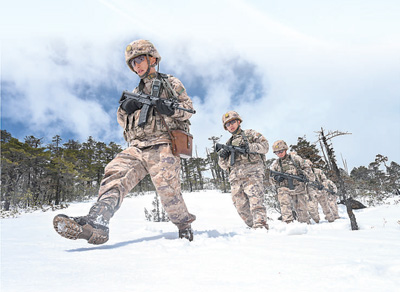 “墨脫戍邊模范營(yíng)”戍邊官兵踏雪巡邏。馬軍攝
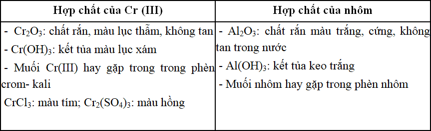 So sánh tính chất lí, hoá học giữa các hợp chất của crom(III) với các hợp chất của nhôm.
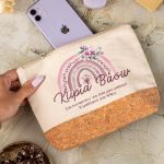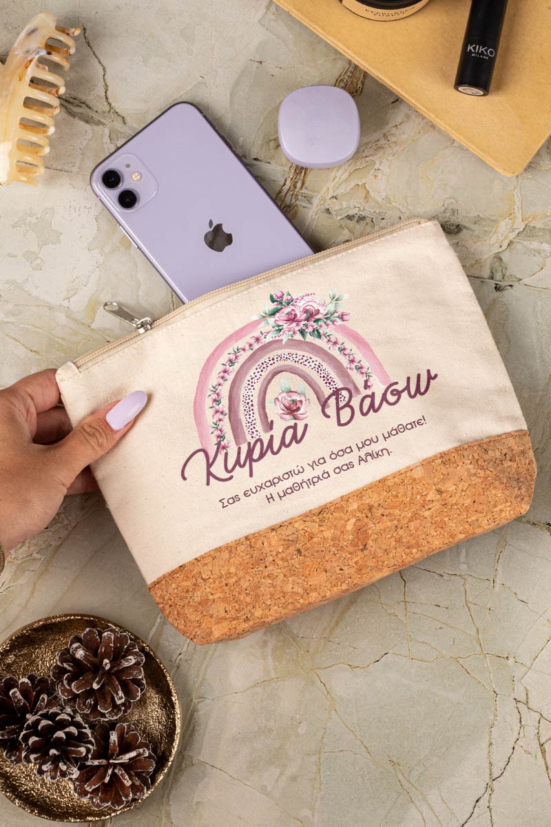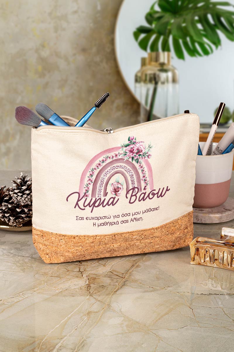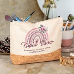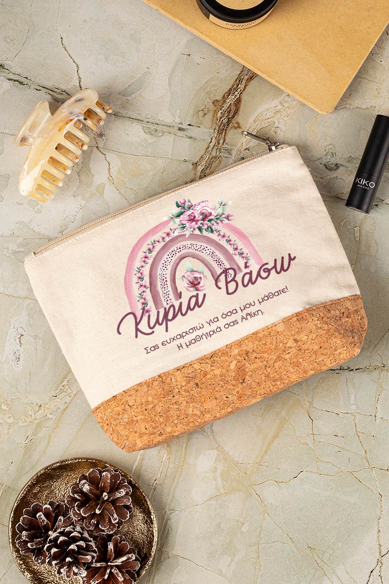 Προσωποποιημένο Εκρού Τσαντάκι & Νεσεσέρ Καλλυντικών με φελλό Λουλουδένιο Ουράνιο Τόξο

★ ★ ★

◆ **Task goal**: Omitting all images, print the listing exactly.

◆ **Result for this exercise**:
 “墨脫戍邊模范營(yíng)”戍邊官兵踏雪巡邏。馬軍攝
 So sánh tính chất lí, hoá học giữa các hợp chất của crom(III) với các hợp chất của nhôm.
 Προσωποποιημένο Εκρού Τσαντάκι & Νεσεσέρ Καλλυντικών με φελλό Λουλουδένιο Ουράνιο Τόξο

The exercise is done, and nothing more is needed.